Start of Data extract

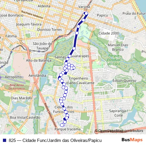 Bus 825 - Cidade Func/Jardim das Oliveiras/Papicu in Fortaleza: Stops & Timetable
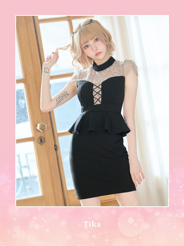 キャバドレス ミニ丈 大きいサイズ 袖あり キャバクラ Tika ティカ ハイネック半袖レース切り替えバストクロスペプラムストレッチタイトミニドレス
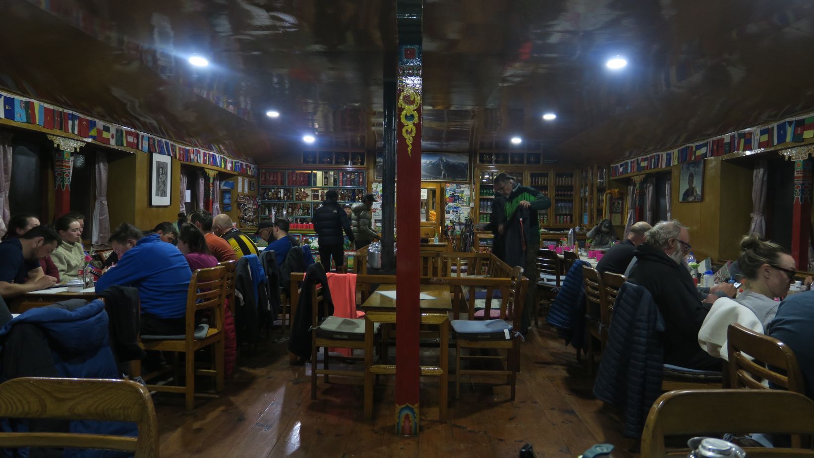 Así, llegamos a la población de Pheriche (12,42 km; 4 horas y 35 minutos; 4265 m). Entramos a nuestro alojamiento, donde ya nos esperan y nos tienen reservada una habitación y una mesa en la concurrida zona común. Dejamos las mochilas, tomamos unas merecidísimas tazas de té y damos cuenta de una abuntante cena.

End of Data extract

**Task directions**
The whole listing above must be returned exactly as written, with no pictures carried over.

**Task solution**
 Bus 825 - Cidade Func/Jardim das Oliveiras/Papicu in Fortaleza: Stops & Timetable
 キャバドレス ミニ丈 大きいサイズ 袖あり キャバクラ Tika ティカ ハイネック半袖レース切り替えバストクロスペプラムストレッチタイトミニドレス
 Así, llegamos a la población de Pheriche (12,42 km; 4 horas y 35 minutos; 4265 m). Entramos a nuestro alojamiento, donde ya nos esperan y nos tienen reservada una habitación y una mesa en la concurrida zona común. Dejamos las mochilas, tomamos unas merecidísimas tazas de té y damos cuenta de una abuntante cena.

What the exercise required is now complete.